- Episode no.: Season 2 Episode 6
- Directed by: Fred Gerber
- Written by: Sara Hess
- Original air date: November 15, 2005

Guest appearances
- Sela Ward as Stacy Warner; Currie Graham as Mark Warner; Alanna Ubach as Dr. Louise Harper; Tom Lenk as Allen; Nathan Kress as Scott; Taraji P. Henson as Moira; Kristoffer Polaha as Jeff Forrester;

Episode chronology
| ← Previous "Daddy's Boy" | Next → "Hunting" |
- House season 2

= Spin (House) =

"Spin" is the sixth episode of the second season of House, which premiered on Fox on November 15, 2005. Written by Sara Hess, it was directed by Fred Gerber.

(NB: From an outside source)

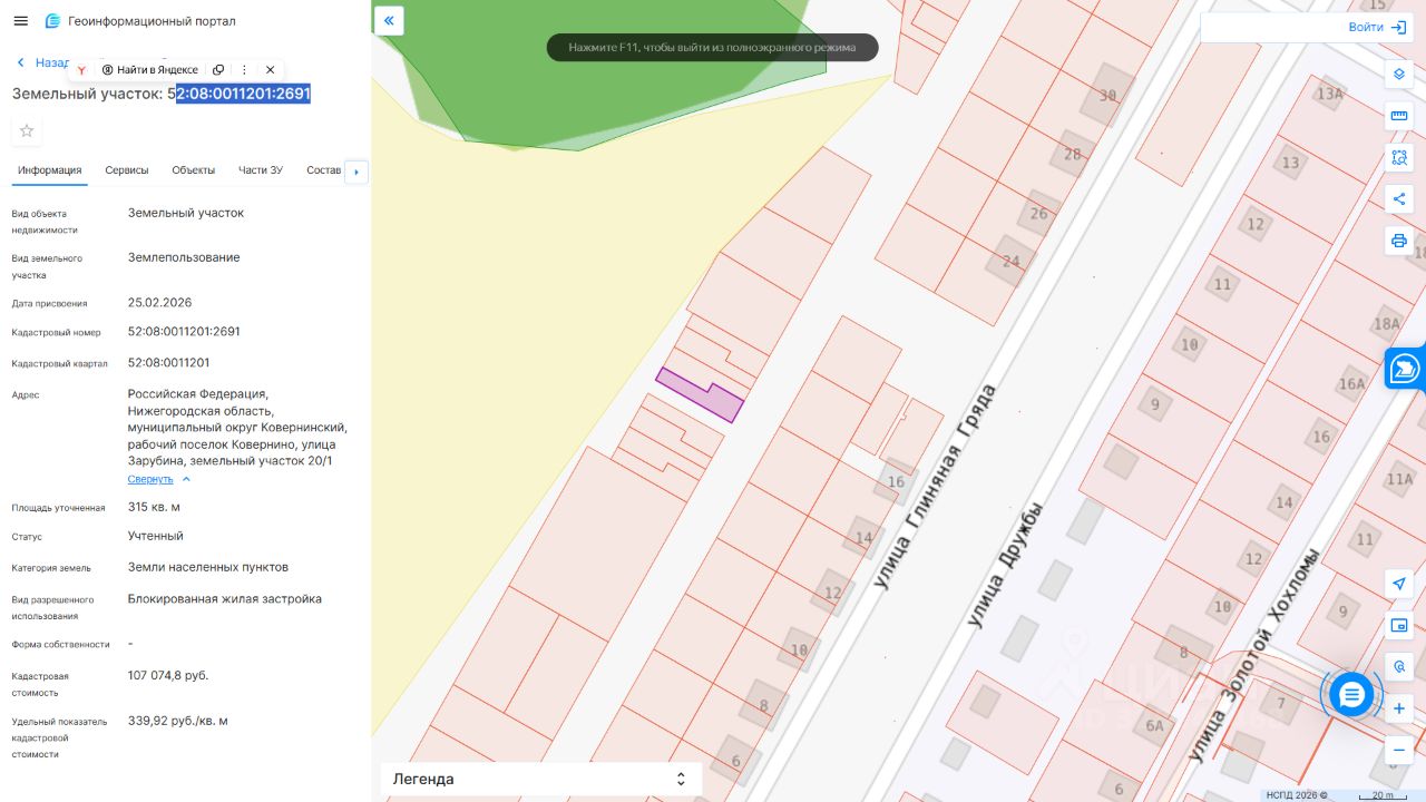 - разрешенное использование блокированная жилая застройка - категория земель земли населенных пунктов - площадь земельного участка 315 кв.м. - кадастровый номер 52:08:0011201:2691

The episode explores how far a sports icon is willing to go to win, and how far the character of House will go to win Stacy back. Guest stars include Sela Ward as Stacy Warner and Kristoffer Polaha as Jeff the cyclist.

==Summary==
Jeff, a well-known cyclist, is cycling in a non-profit charity race, when he is unable to breathe and taken to the hospital. House finds it surprising that Jeff admitted he is taking illegal enhancement drugs. He agreed to blood doping, which is common among cyclists, to better one's athletic performance. Because red blood cells carry oxygen between the lungs and the muscles, a higher number of red blood cells can increase an athlete's endurance. While trying to figure out what cause of Jeff's respiratory distress, they find an air embolus in his chest. While Dr. Chase works to remove the air bubble, Jeff begins to feel numbness in his legs, but is told that it might be due to the sedation. While his manager talks to the press, Jeff loses feeling in his legs. Dr. Cameron informs House that Jeff's red blood count is continually dropping, revealing that his body is no longer able to produce red blood cells on its own. House becomes convinced that Jeff lied about a specific drug that could be the cause of all of his symptoms, erythropoietin (EPO), a hormone produced in the kidney that promotes the formation of red blood cells by the bone marrow. Adding more red blood cells increases the oxygen level in the blood, thus presumably causing all of Jeff's symptoms as he fails to produce red blood cells on his own. This explains him also having anemia, caused by chronic Acquired Pure Red Cell Aplasia (PRCA), probably resulting from blood doping. After responding to prednisone, Jeff begins losing more red blood cells, to the point of requiring a transfusion. House scans Jeff's neck and a thymoma is discovered; an extremely rare tumor on the thymus, confirming that he wasn't taking EPO, but did have Chronic Acquired Pure Red Cell Aplasia. Due to the diagnosis he can legally blood dope or get a thymectomy, which could only bring a temporary remission, after which he would have to be on medical steroids.